Task data:
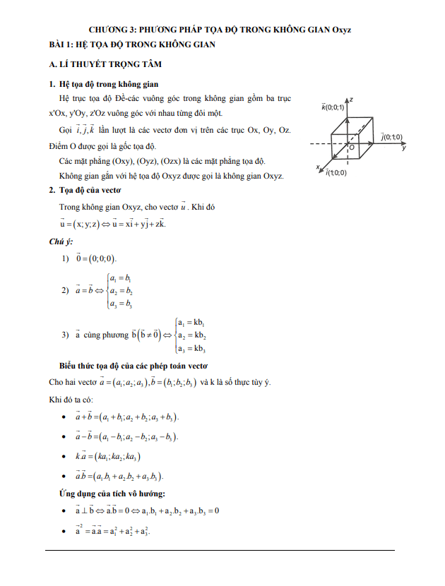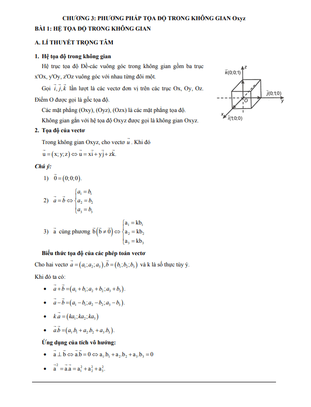 Phương Pháp Toạ Độ Trong Không Gian Các dạng bài tập VDC phương pháp tọa độ trong không gian 21/08/2020
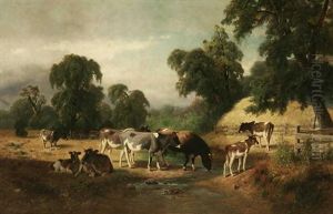 Cows By A Stream
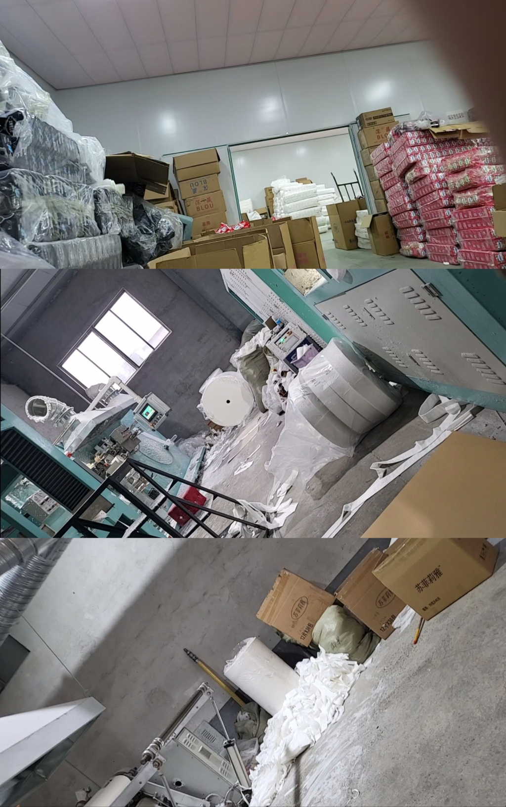 徐某梦表示,目前还在使用去年的库存外包装,因此生产厂家显示“山东洁舒宝”及其地址。不过,现在实际销售的产品,都由其他小厂生产,然后拉回老厂“山东百氏祥”包装。徐某梦还强调,新厂投产后,他们仍会将片条成品拉回老厂包装。“低端的,我们针对客户要求,一定也要做的。”他说。
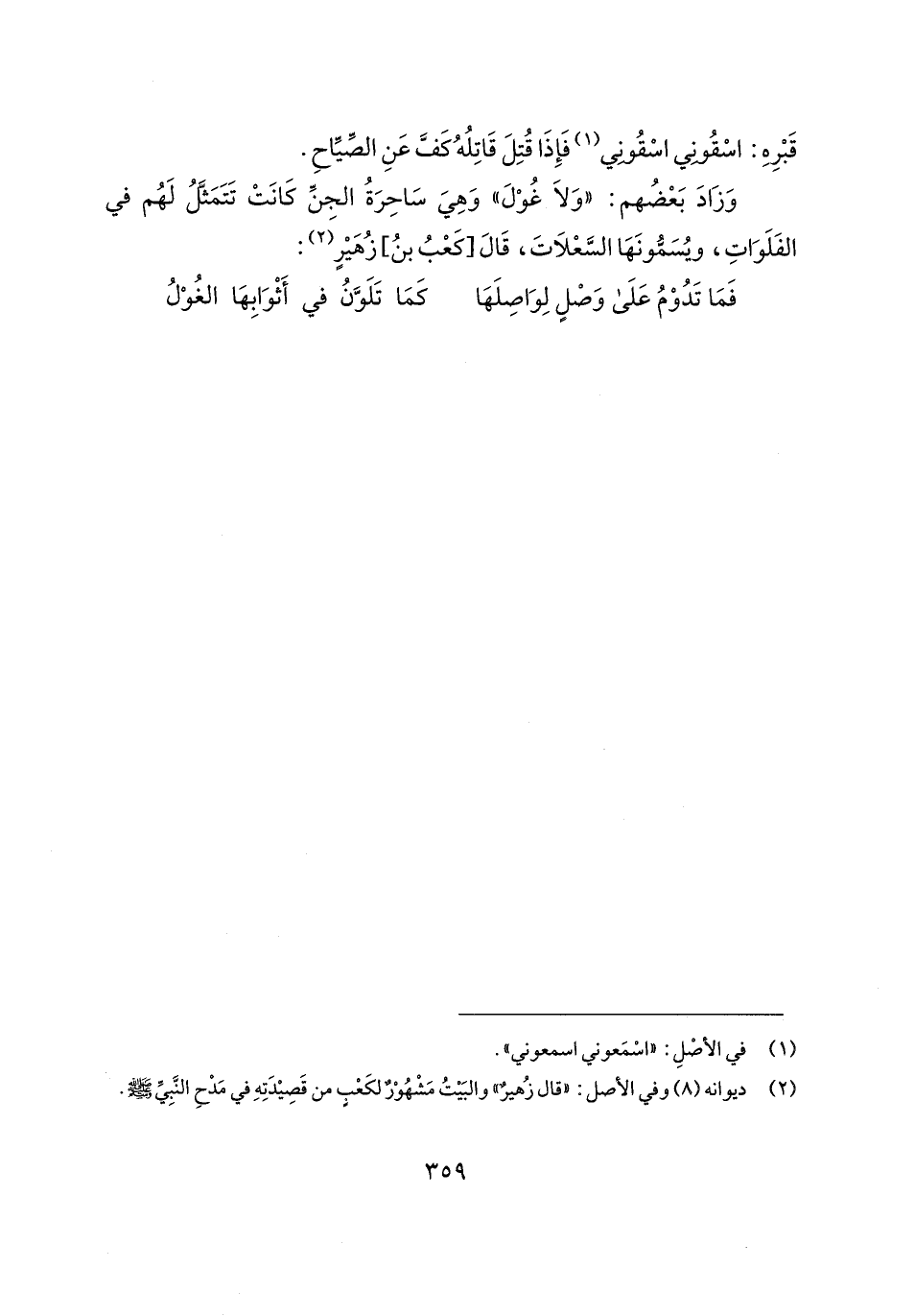 وَزَادَ بَعْضُهم: "وَلَا غُوْلَ" وَهِيَ سَاحِرَةُ الجِنِّ كَانَتْ تَتَمَثَّلُ لَهُم في الفَلَوَاتِ، ويُسَمُّونَهَا السَّعْلاتَ، قَال [كَعْبُ بنُ] زُهَيرٍ (¬2):
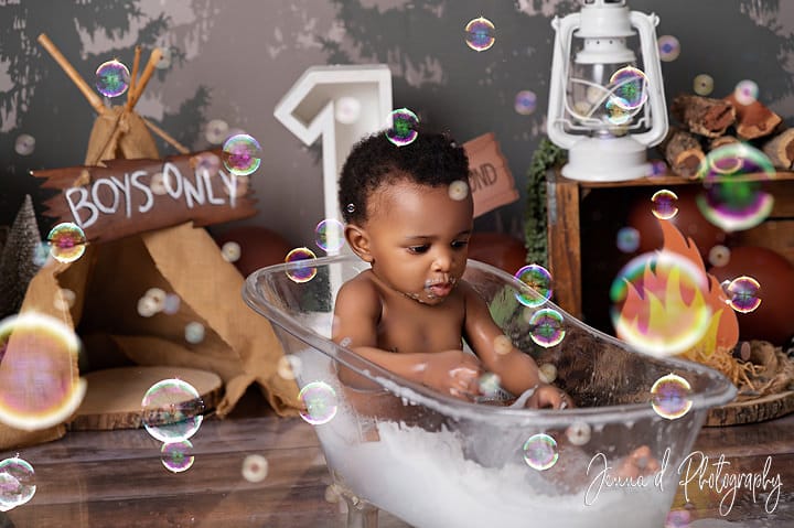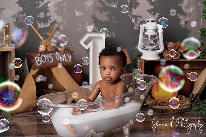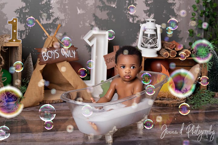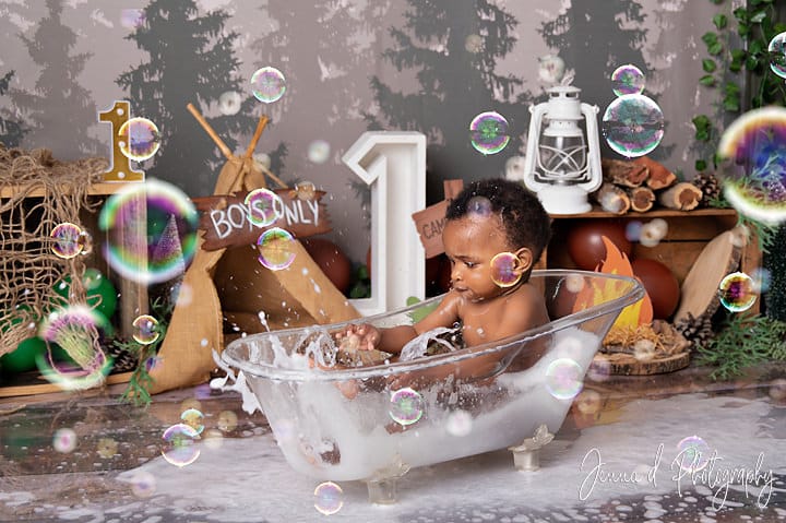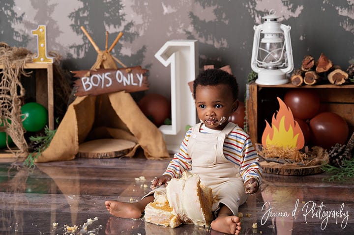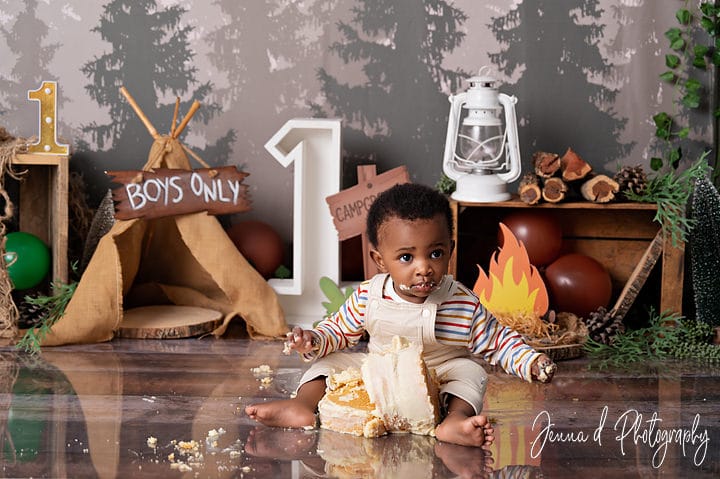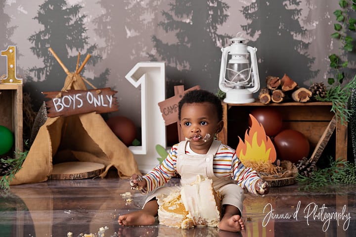 One of the greatest joys of being a photographer is seeing families return as their stories unfold. Just a year ago, I had the honor of photographing Venessa during her maternity session. She was glowing with anticipation, awaiting the arrival of her first child. Fast-forward to today, and baby Lumkile is celebrating his very first birthday with a one-of-a-kind camping-themed cake smash photoshoot in my Pretoria studio.
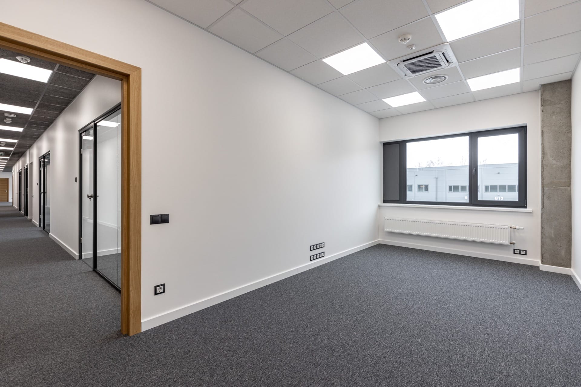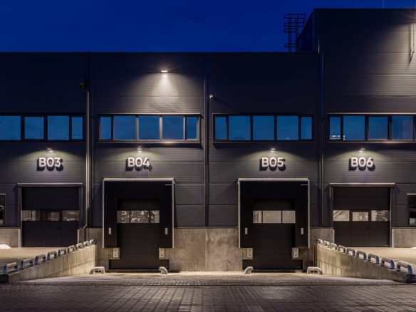 Dabiskā apgaismojuma virsgaismas 2% platībā no jumta un LED apgaismojums (vismaz 300 lx noliktavās, vismaz 500 lx birojos),
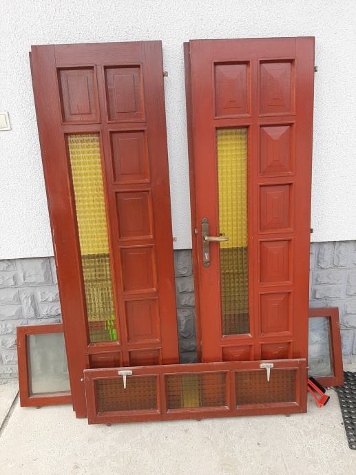 Prodajem drvena ulazna vrata sa dva krila ukupne širine 120 cm, visine 190 cm i nadsvjetlo visine 30 cm, bez okvira (štok) i dva manja prozora bez štoka

Work instructions:
Copy exactly the part of the material above that opens with the line containing "徐某梦表示,目前还在使用去年" and closes with the line containing "وَهِيَ سَاحِرَةُ الجِنِّ", ends included. Drop the images.

Response area:
 徐某梦表示,目前还在使用去年的库存外包装,因此生产厂家显示“山东洁舒宝”及其地址。不过,现在实际销售的产品,都由其他小厂生产,然后拉回老厂“山东百氏祥”包装。徐某梦还强调,新厂投产后,他们仍会将片条成品拉回老厂包装。“低端的,我们针对客户要求,一定也要做的。”他说。
 وَزَادَ بَعْضُهم: "وَلَا غُوْلَ" وَهِيَ سَاحِرَةُ الجِنِّ كَانَتْ تَتَمَثَّلُ لَهُم في الفَلَوَاتِ، ويُسَمُّونَهَا السَّعْلاتَ، قَال [كَعْبُ بنُ] زُهَيرٍ (¬2):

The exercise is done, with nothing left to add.